Metataxonomic and metabolomic profiling revealed Pinus koraiensis cone essential oil reduced methane emission through affecting ruminal microbial interactions and host-microbial metabolism

Abstract

Background: Pinus koraiensis cone essential oil (PEO) contains functional compounds such as monoterpene hydrocarbons, and the administration of PEO reduced methane (CH₄) emissions during growing phase of goats. However, the mode of action of PEO driven CH₄ reduction is not known, especially how the administration of PEO can affect rumen microbiota and host metabolism in goats during the fattening phase. This study aimed to elucidate the potential microbial and host responses PEO supplementation in goats using metataxonomics (prokaryotes and protozoa) and metabolomics (rumen fluid and serum).

Results: Ten fattening Korean native goats were divided into two dietary groups: control (CON; basal diet without additives) and PEO (basal diet + 1.5 g/d of PEO) with a 2 × 2 crossover design and the treatment lasted for 11 weeks. Administration of PEO reduced CH₄ concentrations in the exhaled gas from eructation by 12.0-13.6% (P < 0.05). Although the microbial composition of prokaryotes (bacteria and archaea) and protozoa in the rumen was not altered after PEO administration. MaAsLin2 analysis revealed that the abundance of Selenomonas, Christensenellaceae R-7 group, and Anaerovibrio were enriched in the rumen of PEO supplemented goats (Q < 0.1). Co-occurrence network analysis revealed that Lachnospiraceae AC2044 group and Anaerovibrio were the keystone taxa in the CON and PEO groups, respectively. Methane metabolism (P < 0.05) was enriched in the CON group, whereas metabolism of sulfur (P < 0.001) and propionate (P < 0.1) were enriched in the PEO group based on microbial predicted functions. After PEO administration, the abundance of 11 rumen and 4 serum metabolites increased, whereas that of 25 rumen and 14 serum metabolites decreased (P < 0.1). Random forest analysis identified eight ruminal metabolites that were altered after PEO administration, among which four were associated with propionate production, with predictive accuracy ranging from 0.75 to 0.88. Additionally, we found that serum sarcosine (serum metabolite) was positively correlated with CH₄ emission parameters and abundance of Methanobrevibacter in the rumen (|r|≥ 0.5, P < 0.05).

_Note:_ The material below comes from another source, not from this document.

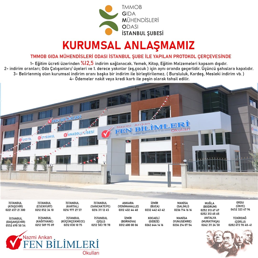 TMMOB Gıda Mühendisleri Odası İstanbul Şubesi olarak, Kurumsal Anlaşmalarımız kapsamında Türkiye genelindeki Nazmi Arıkan Fen Bilimleri Okulları ile 09 Mart ‘21 tarihinde protokol imzalamış bulunmaktayız. İmzalanan protokol doğrultusunda Türkiye genelindeki TMMOB Gıda Mühendisleri Odası üyesi meslektaşlarımızın, onların 1. derecede yakınlarının ve oda çalışanlarımızın çocukları "Nazmi Arıkan Fen Bilimleri Okullar"ndan Anaokulu, İlkokul, Ortaokul ve Lise düzeyinde % 12,5 indirim ile eğitim alabileceklerdir.

Conclusions: This study revealed that PEO administration reduced CH₄ emission from of fattening goats with altered microbial interactions and metabolites in the rumen and host. Importantly, PEO administration affected utilizes various mechanisms such as formate, sulfur, methylated amines metabolism, and propionate production, collectively leading to CH₄ reduction. The knowledge is important for future management strategies to maintain animal production and health while mitigate CH₄ emission.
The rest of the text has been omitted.